[TASK DIRECTIONS]: In the records below, find the line with "Крышка снимается поворотом", then copy each line exactly until you have copied the line with "[푸른들마켓][해표] 국간장(요리명장)930ml |". Leave any picture out.
** ENTRIES SUPPLIED follows **
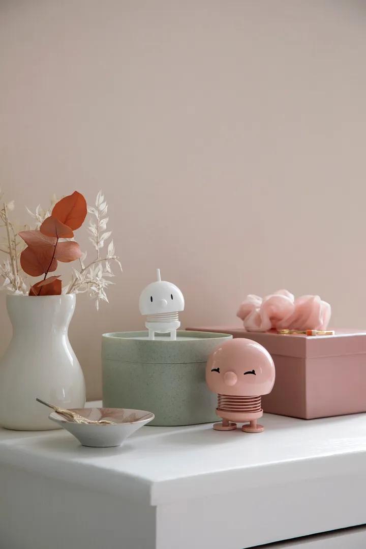 Hoptimist Bumble S figuuri tanskalaiselta merkiltä Hoptimist on ikoninen ilon tuoja. Sen pyöreän ja harmonisen ilmeen myötä se levittää optimistisuutta ja iloa jokaiseen huoneeseen ja ympäristöön. Hoptimist-figuurit suunnitteli Gustav Ehrenreich 1960-luvulla muistutuksena pysyä positiivisena ja optimistisena, ja Hoptimistista tuli osa tanskalaista designhistoriaa. Bimble ja Bumble edustavat ensimmäisiä Hoptimisteja suunnittelijan käden jäljiltä. Nämä iloiset hahmot levittävät iloa ympäri maailman. Neljällä eri koolla ja laajalla värivalikoimalla on Hoptimist joka tilanteeseen ja henkilölle. Levitä iloa Hoptimistilla!
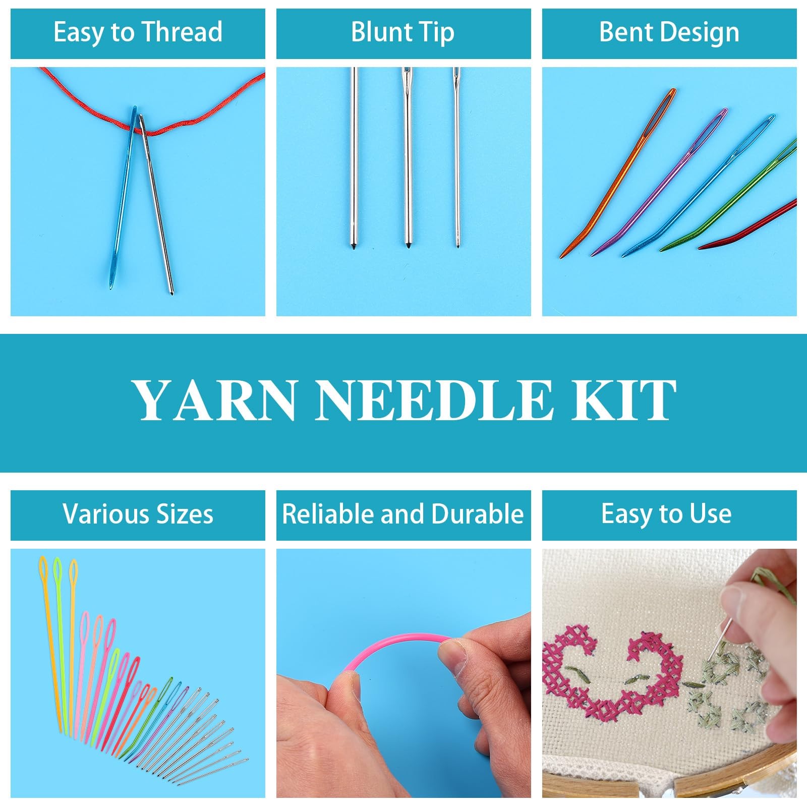 60 PCS Yarn Needle Kit, Including Bent Tapestry 3 Sizes Weaving Mix
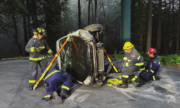 Stabilization Struts: If a vehicle lands on its side or remote locations which were, in the past, inaccessible on a hill after a vehicle collision, it can be both unstable for rescuers to enter a vehicle to provide medical aid and extraction for occupants trapped inside and also very dangerous for the patients trapped, if the car continues to move. Rescue struts can be quickly deployed to prop unstable vehicles, while securing the strut bases and tops with chains and high tension straps, both to the ground and vehicle.
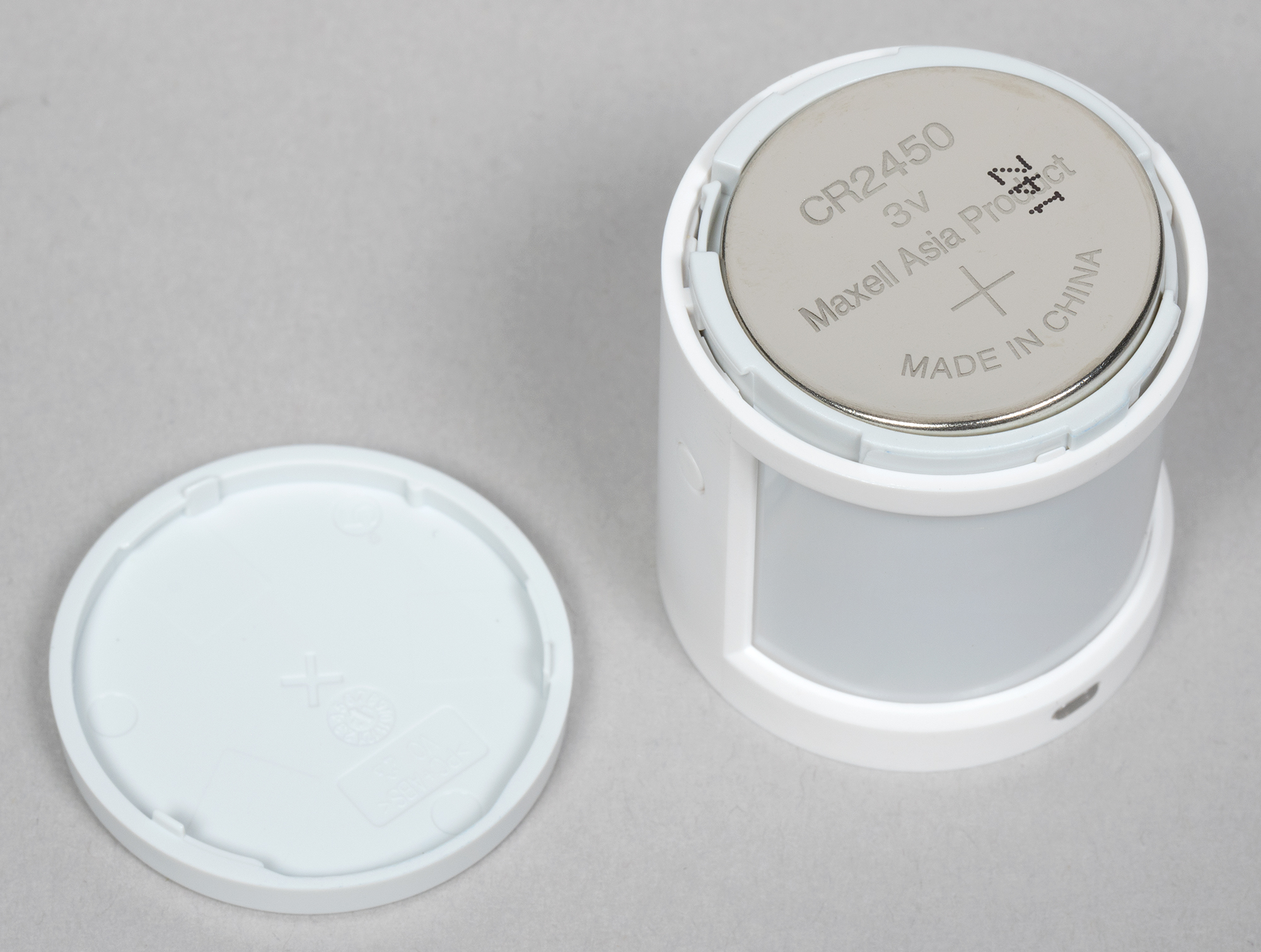 Крышка снимается поворотом против часовой стрелки, для питания используется элемент CR2032.
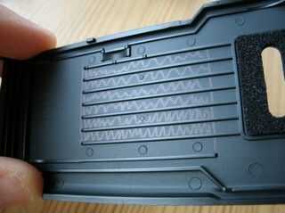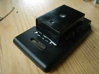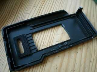 OK, apartar las entrañas de la cámara y se concentran en la parte posterior. La idea es cortar la parte trasera lo suficiente como para exponer la película, pero dejando suficiente para dirigir la película a través de la cámara. Por suerte, las marcas en la parte trasera pueden utilizarse como una guía.
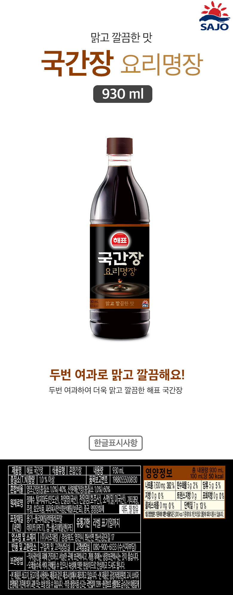 | 품명 | [푸른들마켓][해표] 국간장(요리명장)930ml |
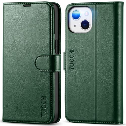TUCCH iPhone 13 対応 手帳型 ケース iPhone 13ケース 高級PU合皮 カードポケット [RFIDブロッキング] 横置きスタンド機能 衝撃吸収 マグネット内蔵 アイフォン13手帳ケース スマホケース(iPhone 13 5G 2021年発売 6.1 インチ対応)ミッドナイトグリーン
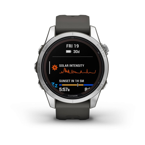 | La fēnix 7S Pro Solar est une montre GPS connectée de petite taille avec verre solaire, suivi continu de l'état de santé et lampe torche LED, qui offre jusqu'à 14 jours d'autonomie. |
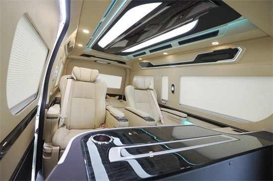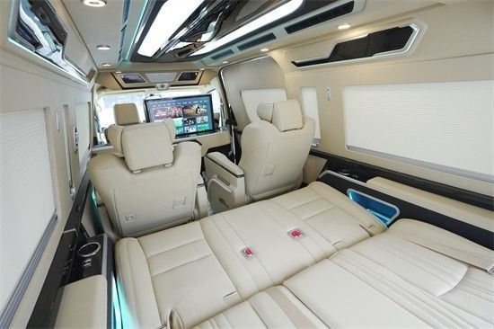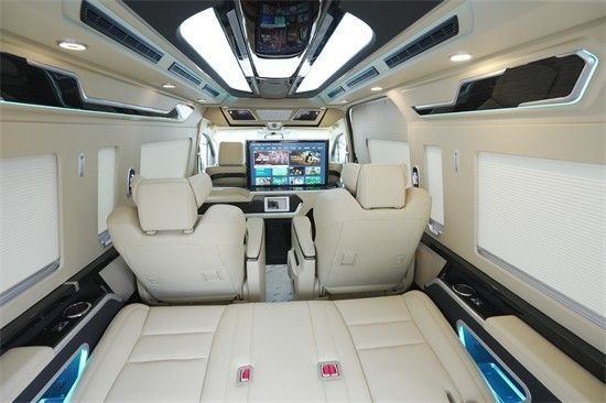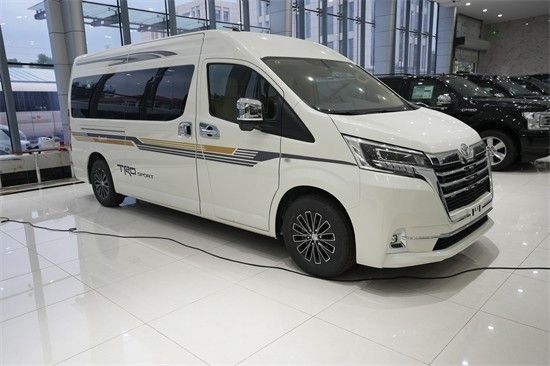 乘客区中间有走海狮车配备的DVD语言电子导航系统、车身颜色停车辅助感应器离子空气滤清器、全方位雷达以及冷藏保温箱也令人耳目一新。后排座椅可向上和左右两侧折叠更大的行李空间。HIACE车厢设计宽敞,中间走道将乘客座椅隔开。
** End of ENTRIES SUPPLIED **
[SOLUTION FOR THIS EXERCISE]:
 Крышка снимается поворотом против часовой стрелки, для питания используется элемент CR2032.
 OK, apartar las entrañas de la cámara y se concentran en la parte posterior. La idea es cortar la parte trasera lo suficiente como para exponer la película, pero dejando suficiente para dirigir la película a través de la cámara. Por suerte, las marcas en la parte trasera pueden utilizarse como una guía.
 | 품명 | [푸른들마켓][해표] 국간장(요리명장)930ml |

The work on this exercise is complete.